Gary D. Sinclair (born 1952), known professionally as Michael Gary "M.G." Kelly and Machine Gun Kelly, is an American actor, disc jockey, and radio personality. In addition to hosting several radio programs over the years, Kelly has held several acting roles as a disc jockey; also, he has served as an offstage announcer on two game shows.

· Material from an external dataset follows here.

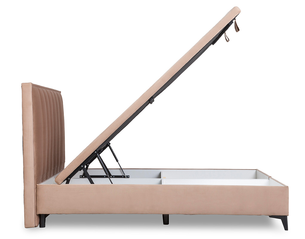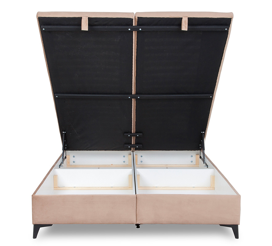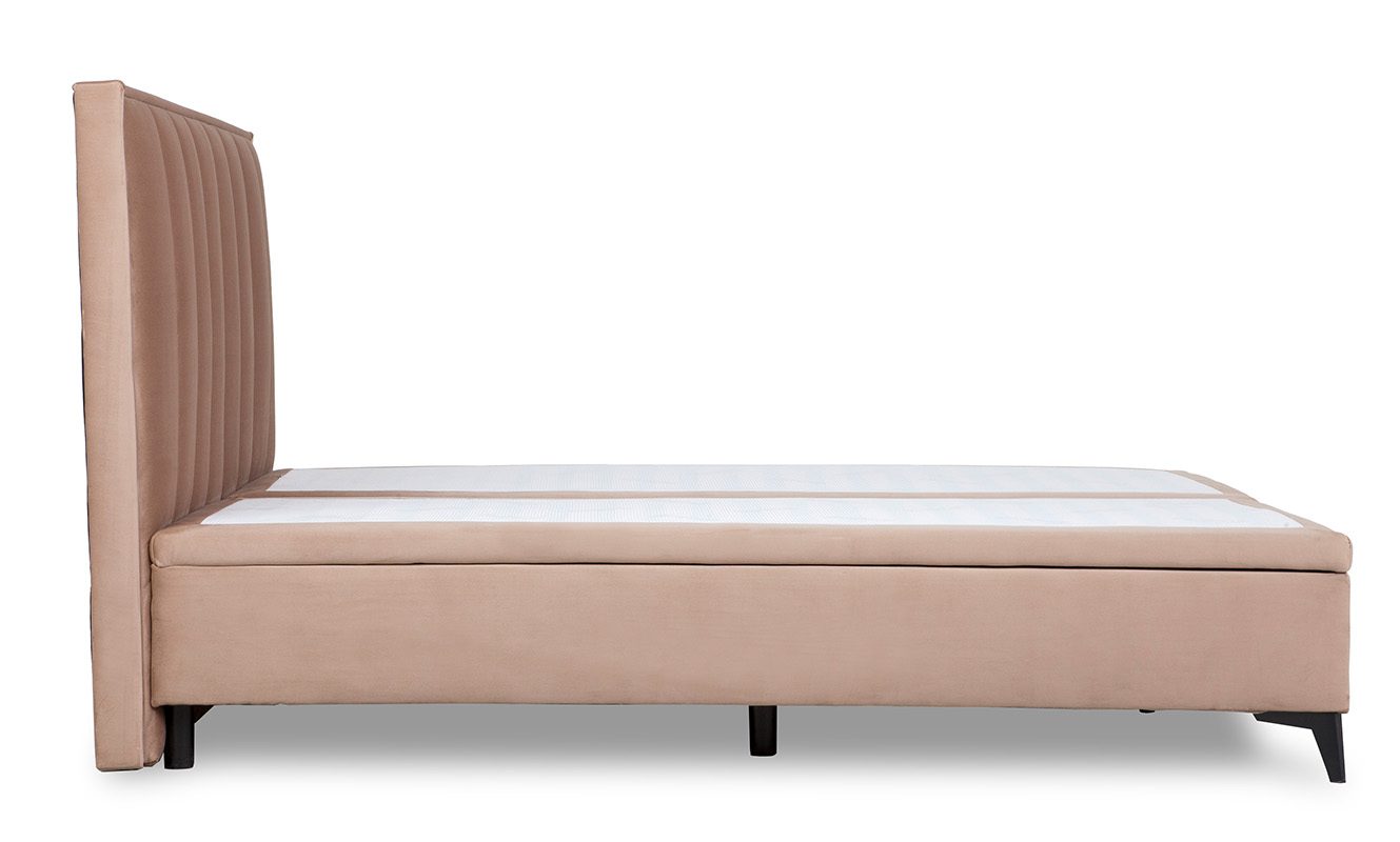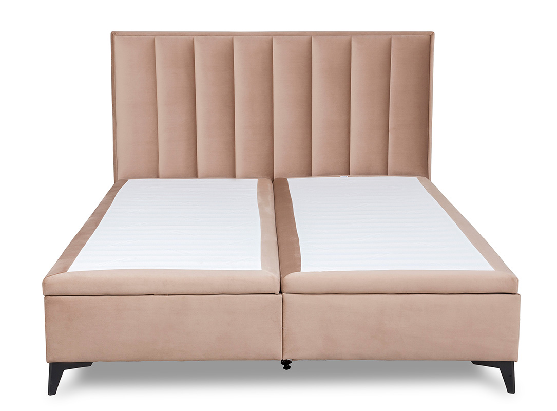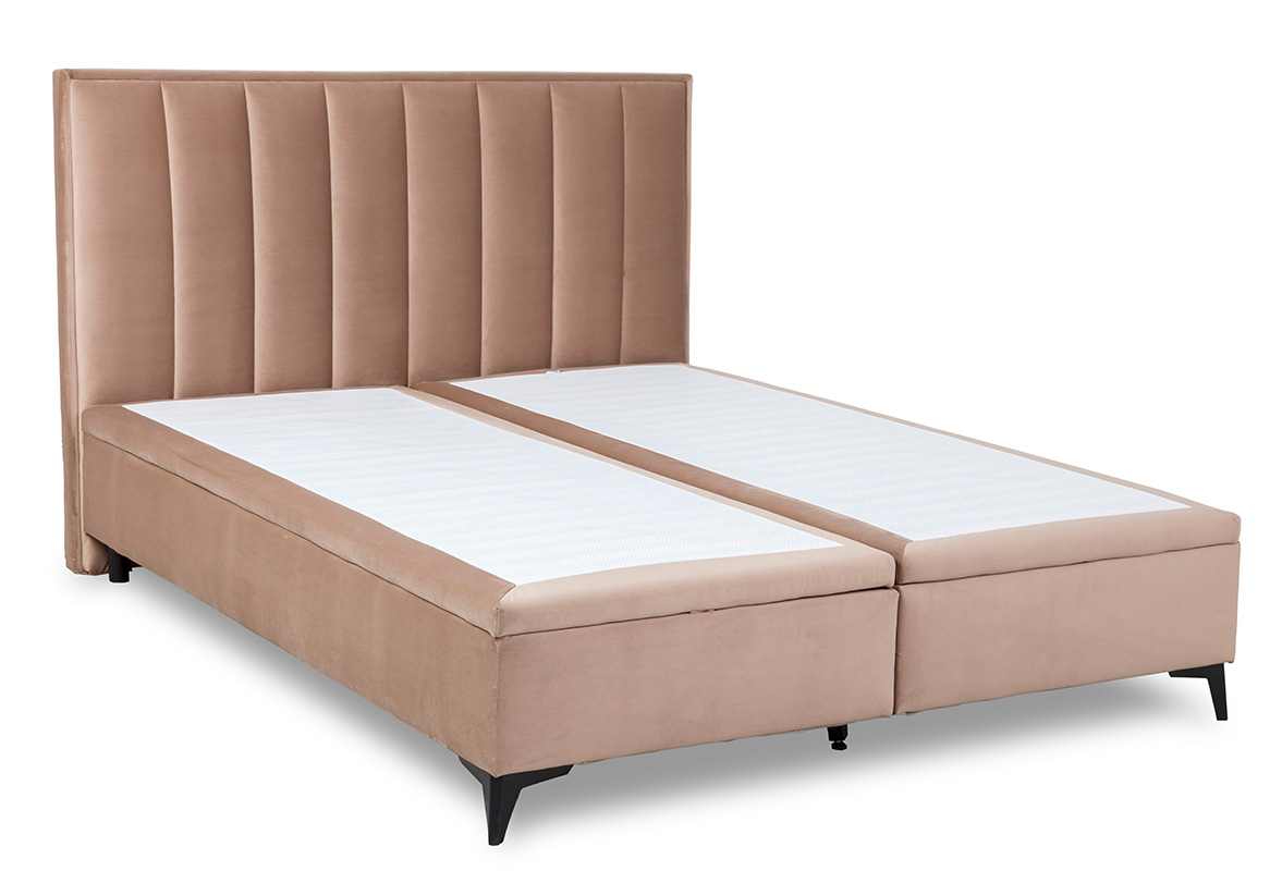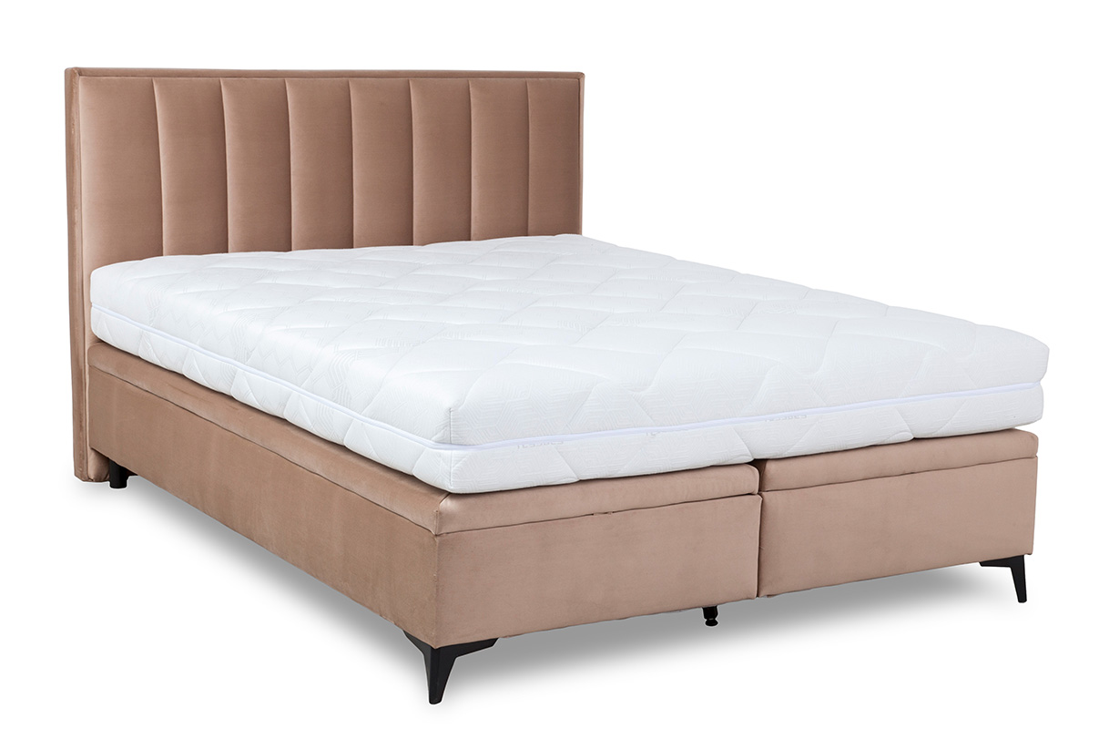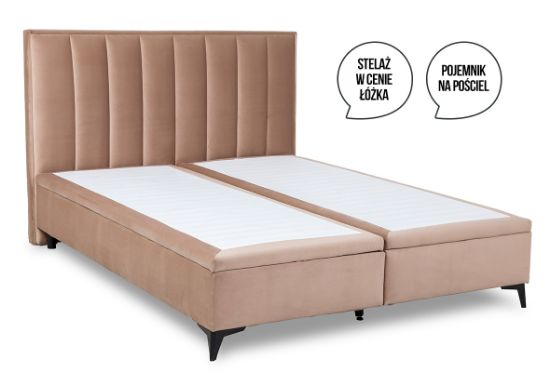 Łóżko tapicerowane Belluno składa się z podwójnej skrzyni oraz eleganckiego zagłówka. Rama łóżka wykonana z giętej sklejki zapewnia dwustopniowe sprężynowanie po położeniu materaca, co zwiększa komfort użytkowania. Łóżko posiada również pojemnik na pościel wyposażony w automat sprężynowy. Rama jest pokryta tkaniną antypoślizgową, co dodatkowo podnosi funkcjonalność i wygodę. Powierzchnia spania wynosi 160x200 cm. Łóżko Belluno jest wykonane w tkaninie Bluvel w kolorze beżowym. Jest to materiał który lekko połyskuje co dodaje mu szlachetności i elegancji. Tkanina charakteryzuje się bardzo dużą wytrzymałość na przetarcia, otarcia oraz rozciąganie. Nóżki w kolorze czarnym, wykonane z materiału HIPS (nóżki ozdobne) lub z PPCO (nóżki ukryte). Jako element dekoracyjny zostały zastosowane na zagłowiu łóżka ozdobne wciągi/przeszycia.

His stage name is a reference to George "Machine Gun" Kelly, a notorious criminal.

==Radio career==

Kelly has hosted and produced several radio programs. Several are still airing on stations across the United States and Canada; production and distribution of his current shows went on a brief hiatus in the late 2000s but have since resumed. He worked at KSTP in the Minneapolis/St. Paul market from 1972 through 1975. During the 1970s and '80s, Kelly enjoyed much success as a radio personality on Los Angeles radio stations KHJ, KTNQ, KOST and KODJ.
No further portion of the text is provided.